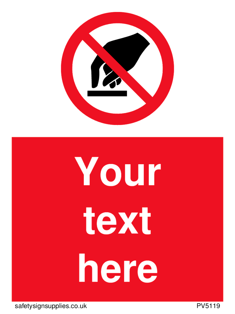 This sign contains a do not touch symbol - hand in black with red prohibition circle crossed through with diagonal line.
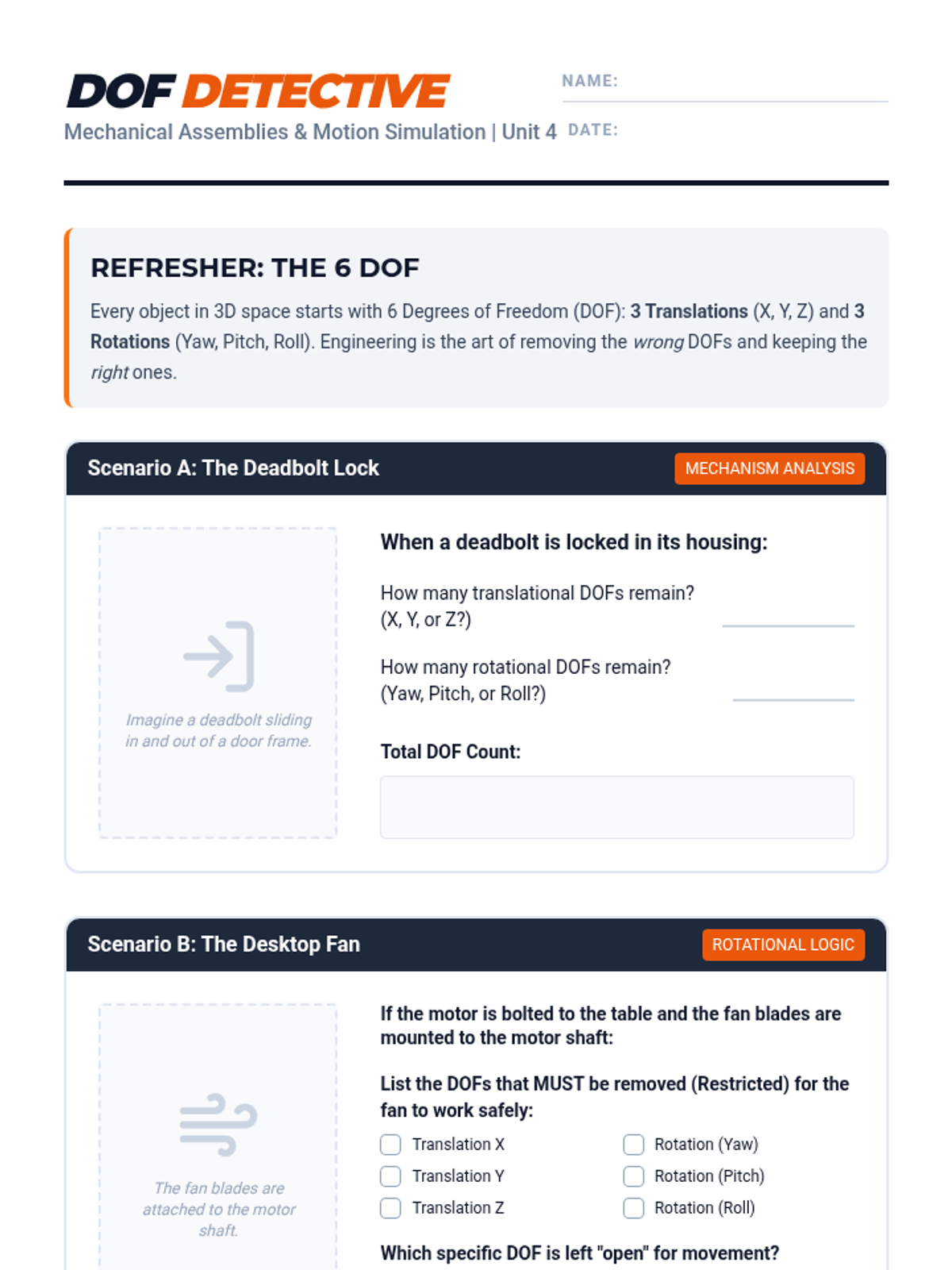 This unit explores the transition from single-part modeling to complex multi-component mechanical systems. Students master assembly constraints, degrees of freedom, motion simulation, and interference analysis through hands-on CAD projects.
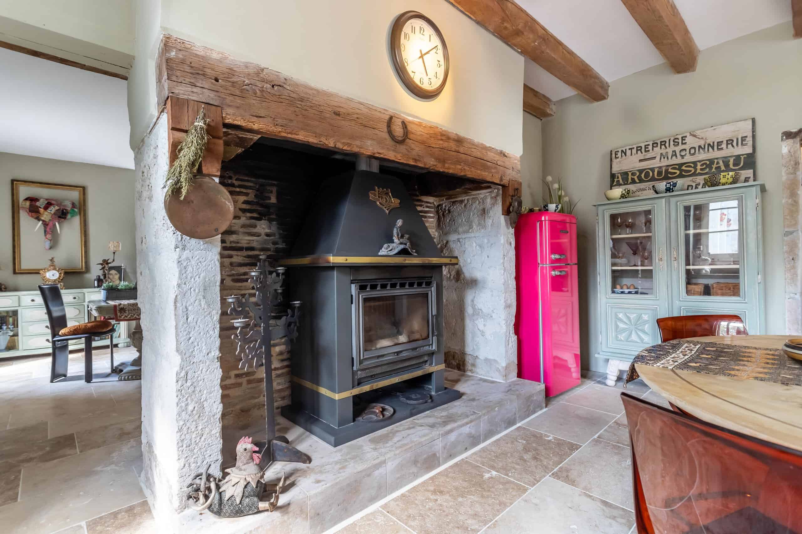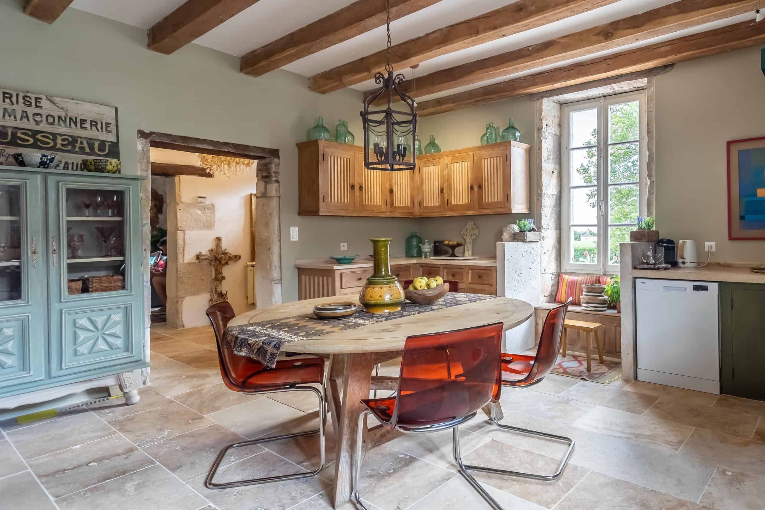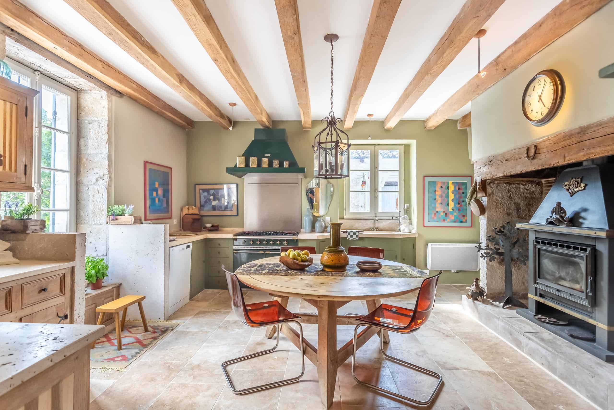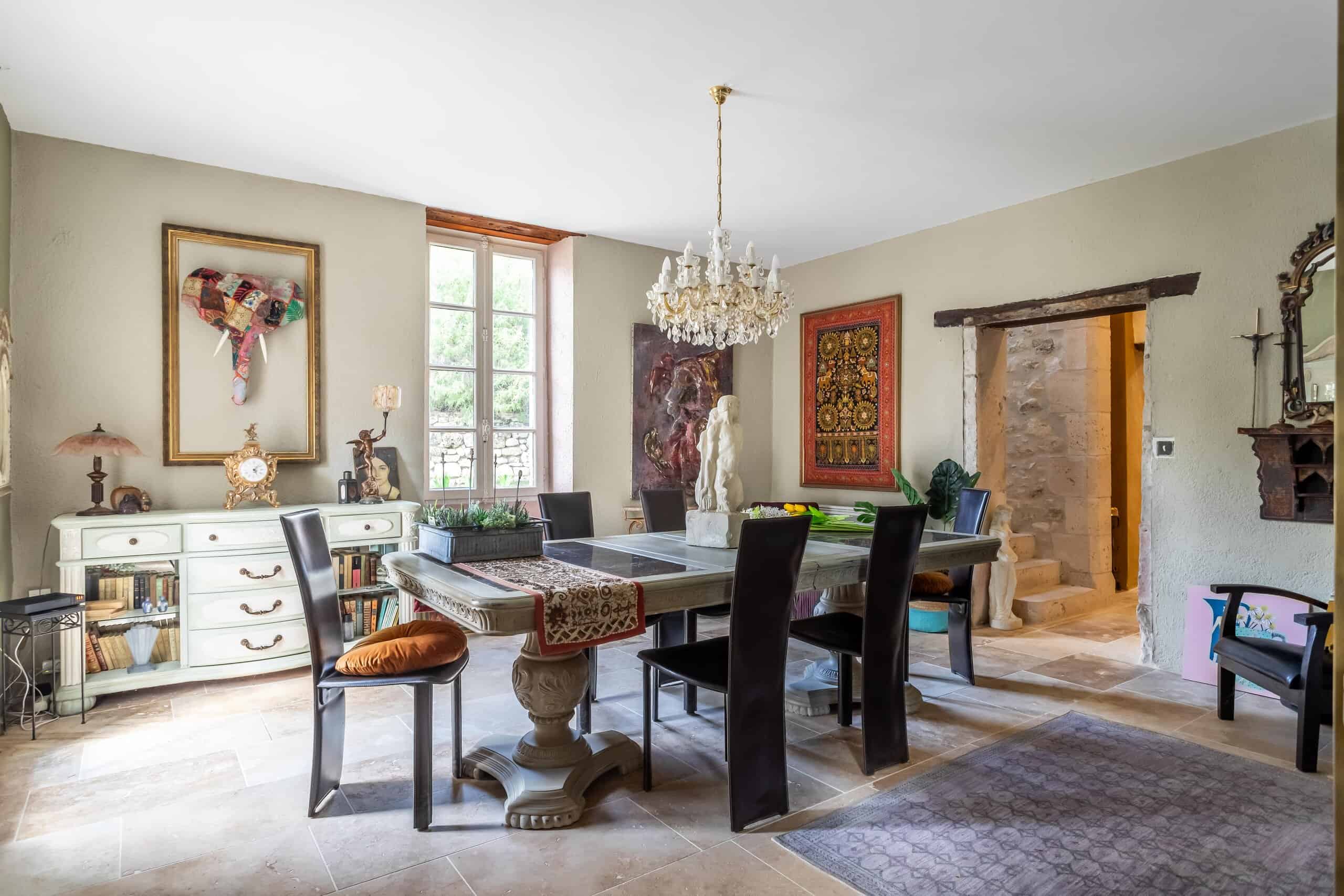 Originally home to the village priest, although I doubt he’d recognise the property now, having been the subject of an enormous renovation project with travertine flooring under foot throughout the ground floor. Stylish handmade kitchen with granite worktops, La Conche gas range cooker and log burning stove to warm you on a winters night, leading into the dining area with glazed door onto the garden. Cosy sitting room with exposed stone walls and beamed ceiling, grand hallway with a fabulous original front door, drawing you to the stone staircase which leads you up to a light filled landing with glazed doors opening onto the balcony. Four beautifully decorated bedrooms and modern stylish travertine lined bathrooms, all with fabulous views over the surrounding countryside.
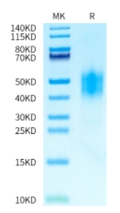 Molecular Mass : | The protein has a predicted MW of 18.3 kDa. Due to glycosylation, the protein migrates to 40-50 kDa based on Tris-Bis PAGE result. |
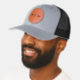 Custom Leather Patch Hat, Sytle: Adult Retro Trucker Cap, Color: Heather / Black, Shape: Circle
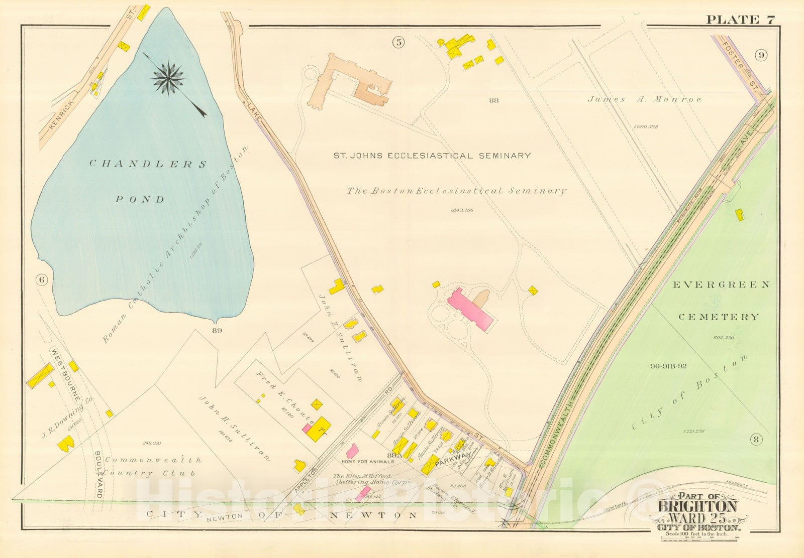 Historic Map : Atlas City of Boston, Wards 25 & 26 Brighton, Brighton 1916 Plate 007 , Vintage Wall Art
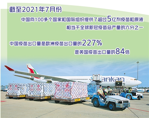 李保东表示,中国在向发展中国家提供疫苗方面贡献最大,对外援助和出口疫苗的数量超出了其他国家的总和,以实际行动落实了自己的承诺和主张。截至2021年7月份,中国已向100多个国家和国际组织提供了超过5亿剂疫苗和原液,相当于全球新冠疫苗总产量的六分之一。中国的疫苗出口量是欧洲疫苗出口量的227%,是美国疫苗出口量的84倍。除了疫苗成品的出口,中国还在帮助其他发展中国家建立疫苗的本地生产线,有的已经投产。中国还积极支持对广大发展中国家豁免新冠疫苗知识产权。
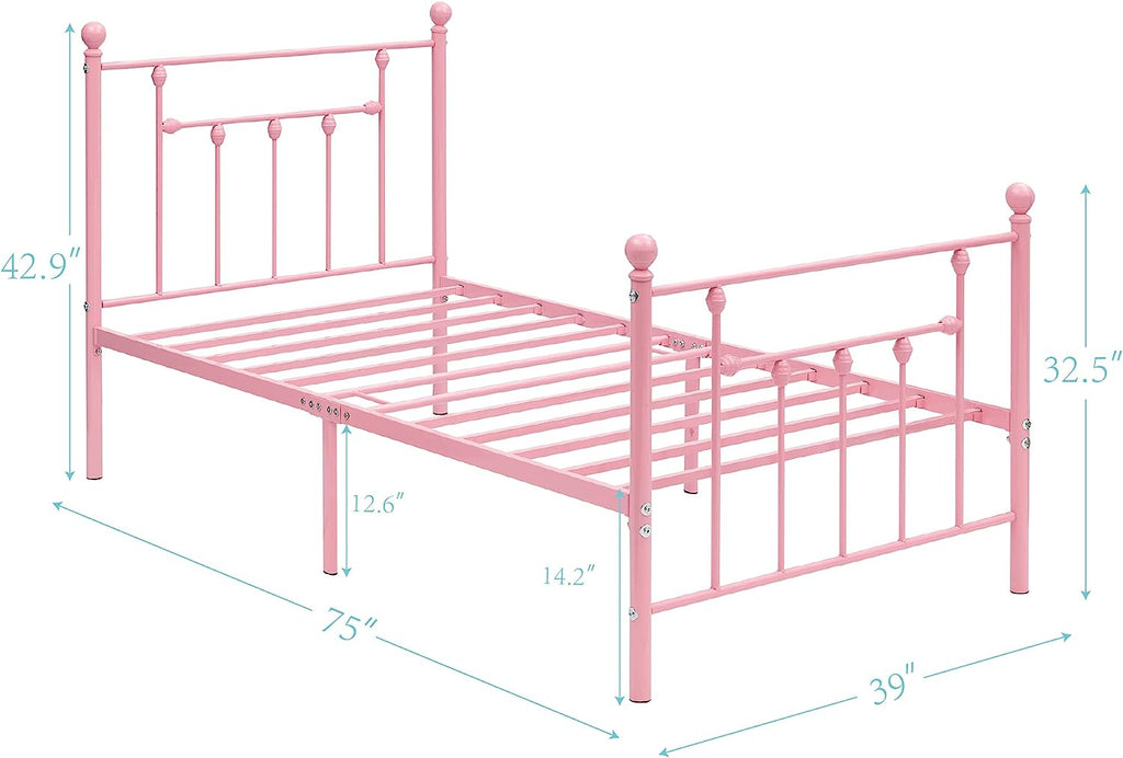 VECELO Twin Size Metal Platform Bed Frame for Girls Kids
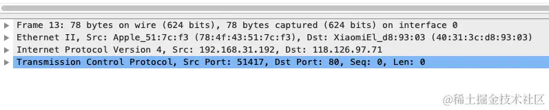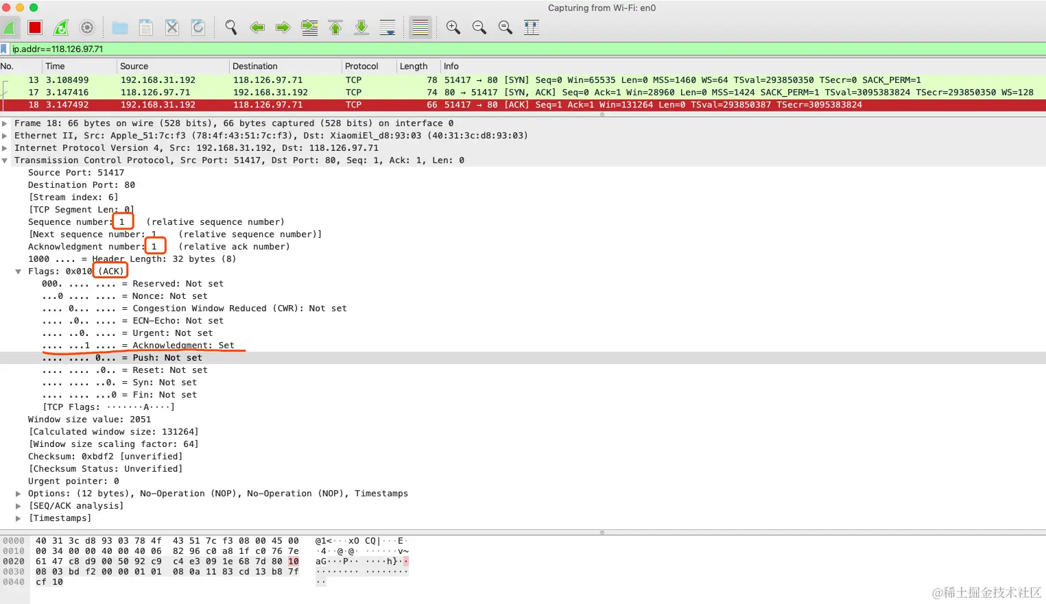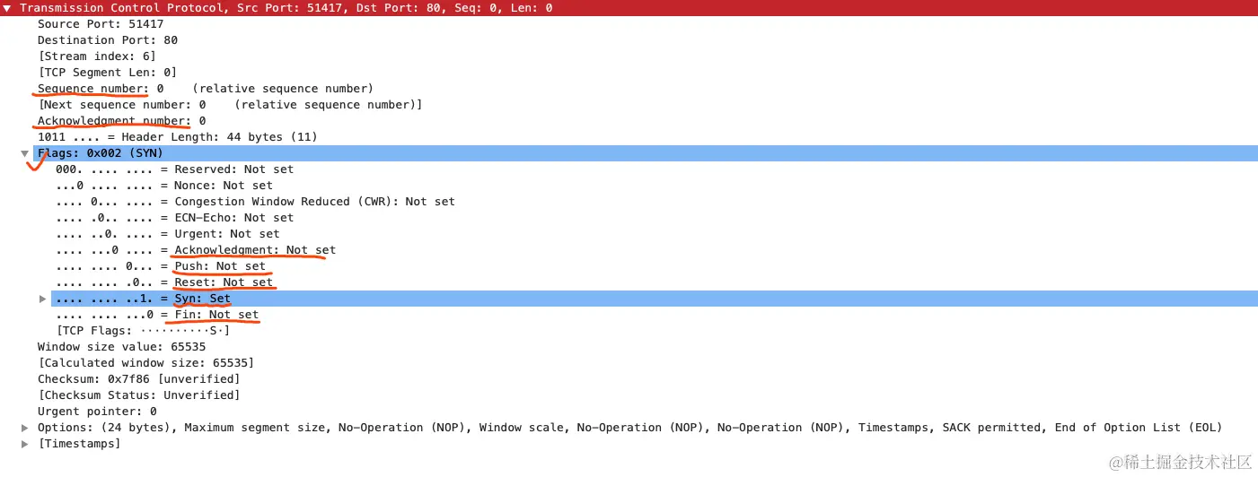 从标志位看出,同步位、确认位有值,在做应答(SYN+ACK):SYN 同步位为 1 、Acknowledgment 确认位为 1

━━━━━━━━━━

Work item — Your copy should consist solely of the lines from the line containing "Custom Leather Patch" through the last line of the records above, reproduced exactly, with the pictures left out.

Task output —
 Custom Leather Patch Hat, Sytle: Adult Retro Trucker Cap, Color: Heather / Black, Shape: Circle
 Historic Map : Atlas City of Boston, Wards 25 & 26 Brighton, Brighton 1916 Plate 007 , Vintage Wall Art
 李保东表示,中国在向发展中国家提供疫苗方面贡献最大,对外援助和出口疫苗的数量超出了其他国家的总和,以实际行动落实了自己的承诺和主张。截至2021年7月份,中国已向100多个国家和国际组织提供了超过5亿剂疫苗和原液,相当于全球新冠疫苗总产量的六分之一。中国的疫苗出口量是欧洲疫苗出口量的227%,是美国疫苗出口量的84倍。除了疫苗成品的出口,中国还在帮助其他发展中国家建立疫苗的本地生产线,有的已经投产。中国还积极支持对广大发展中国家豁免新冠疫苗知识产权。
 VECELO Twin Size Metal Platform Bed Frame for Girls Kids
 从标志位看出,同步位、确认位有值,在做应答(SYN+ACK):SYN 同步位为 1 、Acknowledgment 确认位为 1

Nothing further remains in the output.